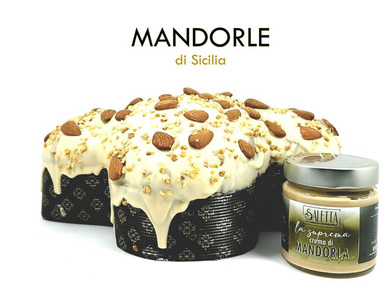 Colomba artigianale con glassa al gusto di mandorla accompagnata dal vasetto di crema dolce da spalmare "la suprema" con il 40% di mandorle siciliane coltivate principalmente nella Valle del Torto tra le città di Caccamo - Roccapalumba - Montemaggiore Belsito (PA).
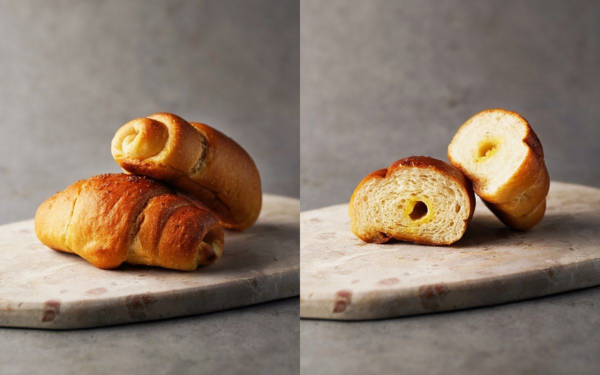 將於 10/7 上市的明星產品,歷經數月研發,延續日本 SAKImoto 的正宗配方,產出兩款奶油捲:鹽之花與黑松露。兩款奶油捲皆以日本嵜本麵粉及歐盟 AOP 產區認證、享有「奶油界LV」盛譽的法國艾許無鹽奶油製成,結合直接製法與湯種製法,口感上外酥內軟。鹽之花奶油捲混合了百花蜜與比利時無鹽發酵奶油,入口時,先感受到清甜的蜂蜜香氣,柔韌有嚼勁的麵包口感,並加上法國布列塔尼海岸知名的頂級海鹽 — 鹽之花,以人工採集的鹽之花,因成本高、產量少而顯得特別珍貴,溫和帶出高雅鹹香並融合奶油的醇厚濃郁,是吃了會忍不住上癮的款式。黑松露奶油捲則是加入有黑鑽石美稱的義大利黑蘑菇松露醬及夏威夷黑鹽,撲鼻便聞得到黑松露高雅的香氣,加上夏威夷黑鹽,不僅讓黑松露的香顯得層次更為豐富,口感上也保有鹽之花奶油捲的柔韌口感,在一捲一捲中,體會最高貴的享受。
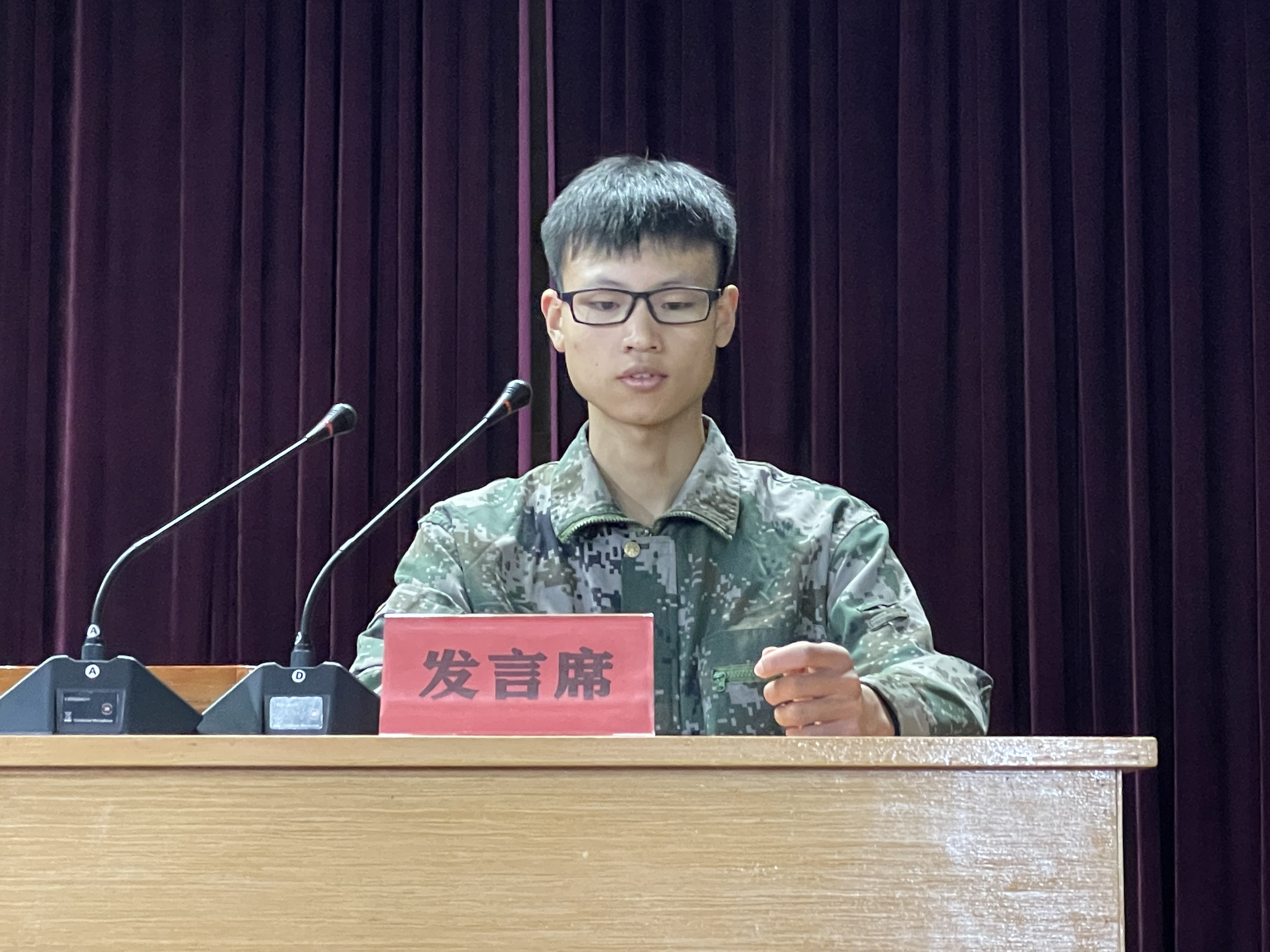 212201(21机电一体化技术中德国际合作班)班朱子华同学代表军训学员发言表示将认真服从教官指令,以高昂的斗志和顽强的毅力完成军训,以军人的姿态、军人的情怀去践行“请党放心、强国有我”的青春誓言,不辜负学校和家长的期望;张璋老师代表教师发言,感谢基地领导对学校军训工作的大力支持,同时也对同学们提出了殷切期望。

Exercise - Please repeat everything in the data above except the pictures, exactly as it reads.

Result for this task -
 Colomba artigianale con glassa al gusto di mandorla accompagnata dal vasetto di crema dolce da spalmare "la suprema" con il 40% di mandorle siciliane coltivate principalmente nella Valle del Torto tra le città di Caccamo - Roccapalumba - Montemaggiore Belsito (PA).
 將於 10/7 上市的明星產品,歷經數月研發,延續日本 SAKImoto 的正宗配方,產出兩款奶油捲:鹽之花與黑松露。兩款奶油捲皆以日本嵜本麵粉及歐盟 AOP 產區認證、享有「奶油界LV」盛譽的法國艾許無鹽奶油製成,結合直接製法與湯種製法,口感上外酥內軟。鹽之花奶油捲混合了百花蜜與比利時無鹽發酵奶油,入口時,先感受到清甜的蜂蜜香氣,柔韌有嚼勁的麵包口感,並加上法國布列塔尼海岸知名的頂級海鹽 — 鹽之花,以人工採集的鹽之花,因成本高、產量少而顯得特別珍貴,溫和帶出高雅鹹香並融合奶油的醇厚濃郁,是吃了會忍不住上癮的款式。黑松露奶油捲則是加入有黑鑽石美稱的義大利黑蘑菇松露醬及夏威夷黑鹽,撲鼻便聞得到黑松露高雅的香氣,加上夏威夷黑鹽,不僅讓黑松露的香顯得層次更為豐富,口感上也保有鹽之花奶油捲的柔韌口感,在一捲一捲中,體會最高貴的享受。
 212201(21机电一体化技术中德国际合作班)班朱子华同学代表军训学员发言表示将认真服从教官指令,以高昂的斗志和顽强的毅力完成军训,以军人的姿态、军人的情怀去践行“请党放心、强国有我”的青春誓言,不辜负学校和家长的期望;张璋老师代表教师发言,感谢基地领导对学校军训工作的大力支持,同时也对同学们提出了殷切期望。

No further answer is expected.